**Source material:**
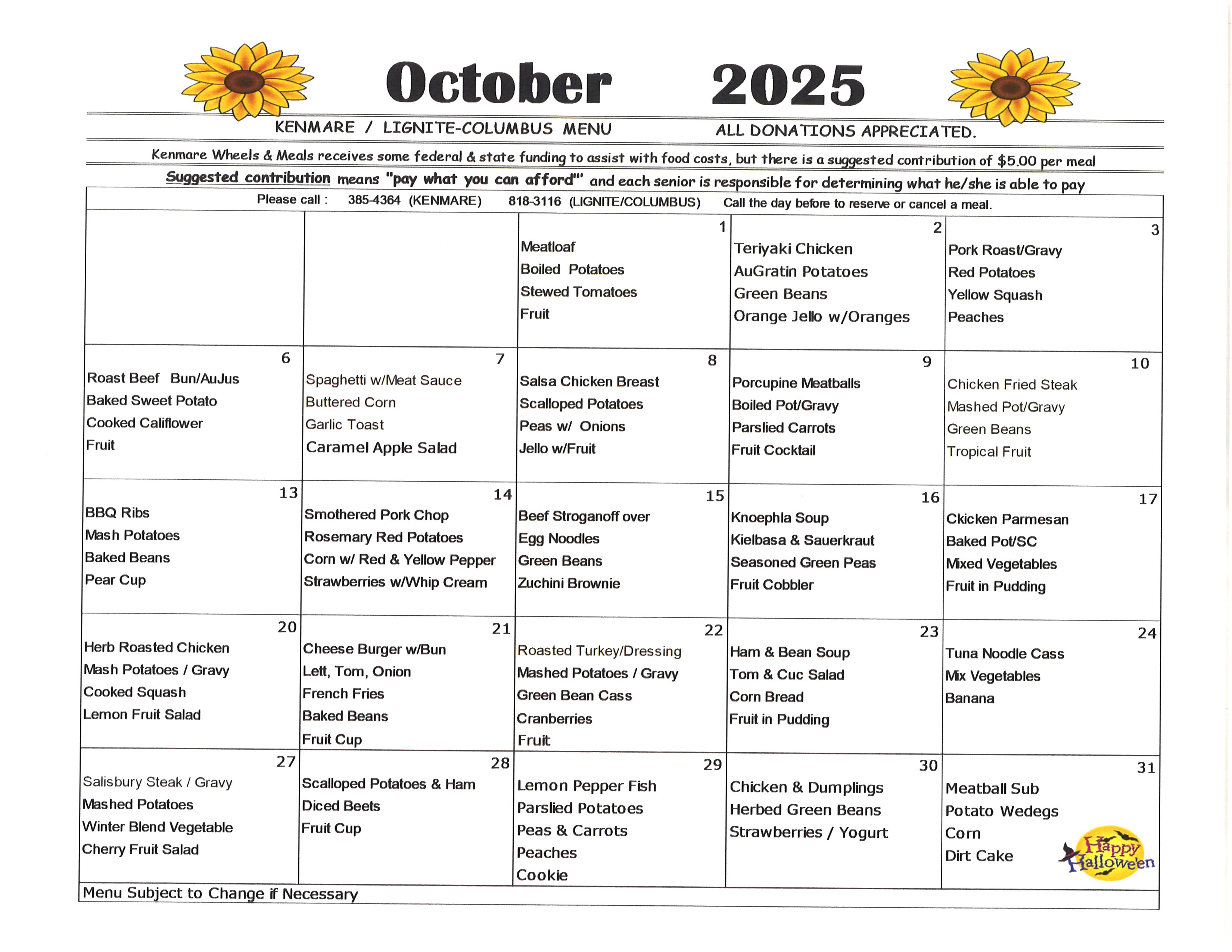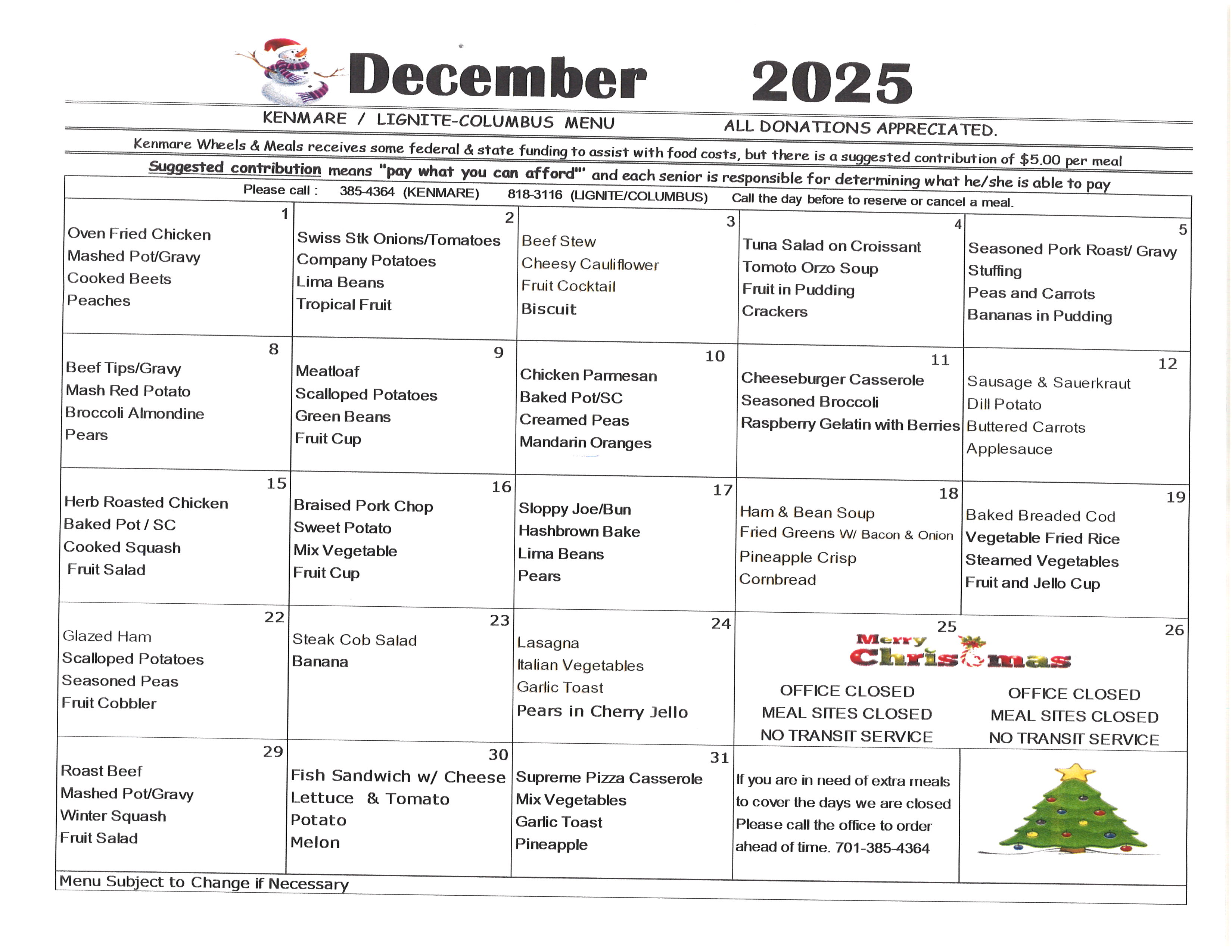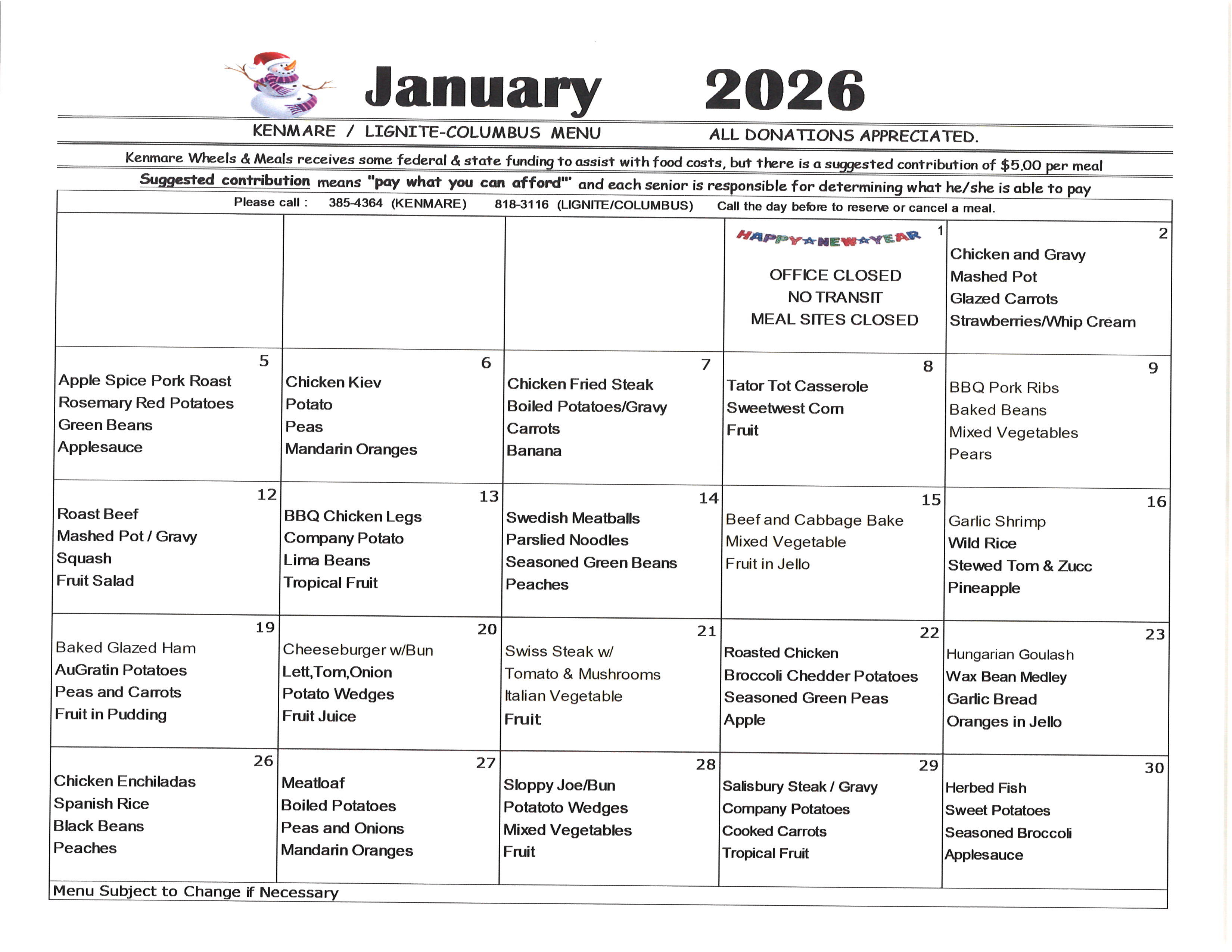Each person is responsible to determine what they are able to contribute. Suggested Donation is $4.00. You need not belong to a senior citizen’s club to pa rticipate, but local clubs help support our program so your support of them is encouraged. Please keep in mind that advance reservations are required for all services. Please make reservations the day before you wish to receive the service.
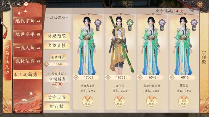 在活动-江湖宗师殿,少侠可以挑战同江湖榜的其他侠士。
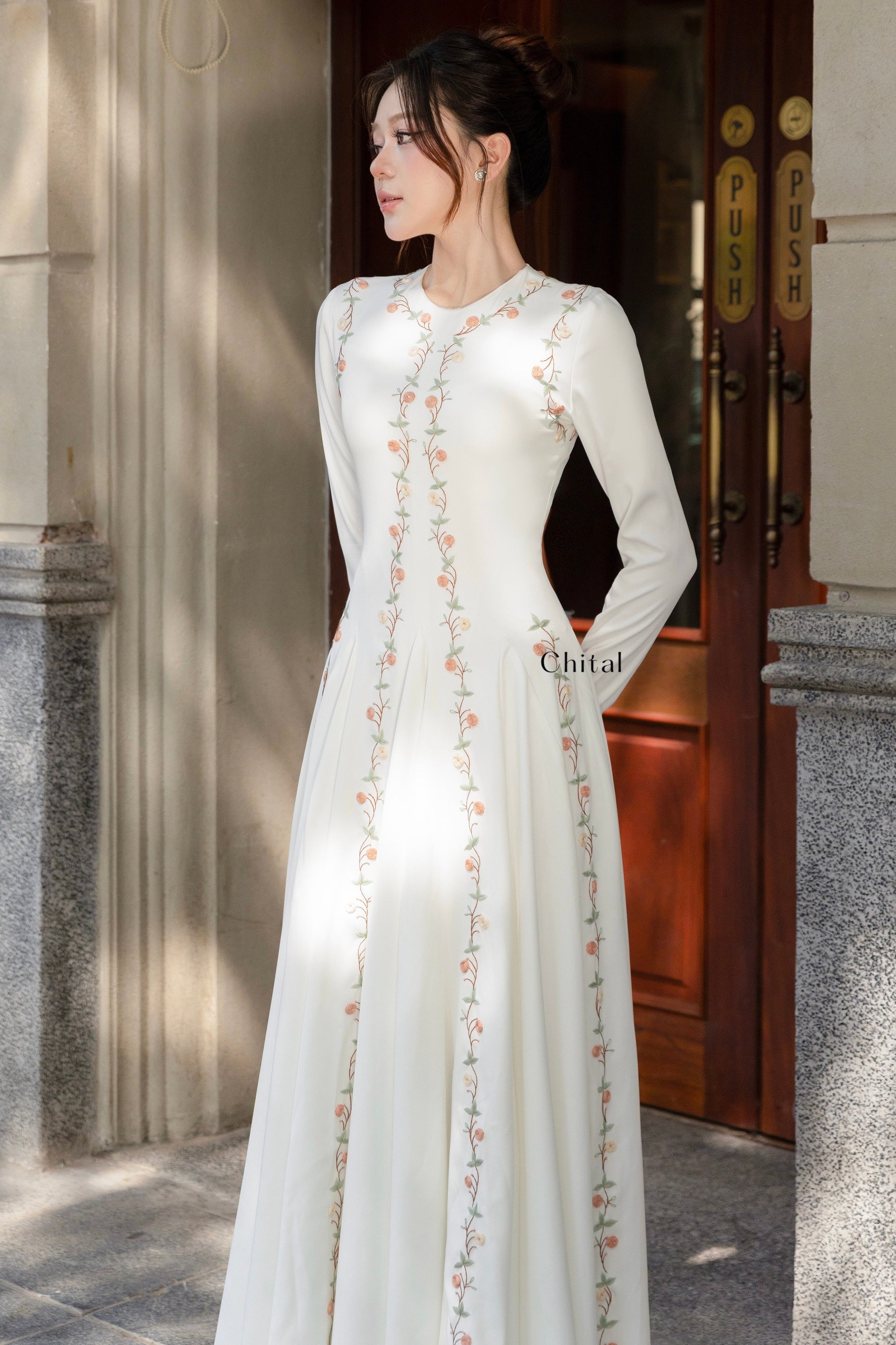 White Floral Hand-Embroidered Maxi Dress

**What the task requires:** Write out the whole listing exactly. Pictures stay out.

**Task solution:**
Each person is responsible to determine what they are able to contribute. Suggested Donation is $4.00. You need not belong to a senior citizen’s club to pa rticipate, but local clubs help support our program so your support of them is encouraged. Please keep in mind that advance reservations are required for all services. Please make reservations the day before you wish to receive the service.
 在活动-江湖宗师殿,少侠可以挑战同江湖榜的其他侠士。
 White Floral Hand-Embroidered Maxi Dress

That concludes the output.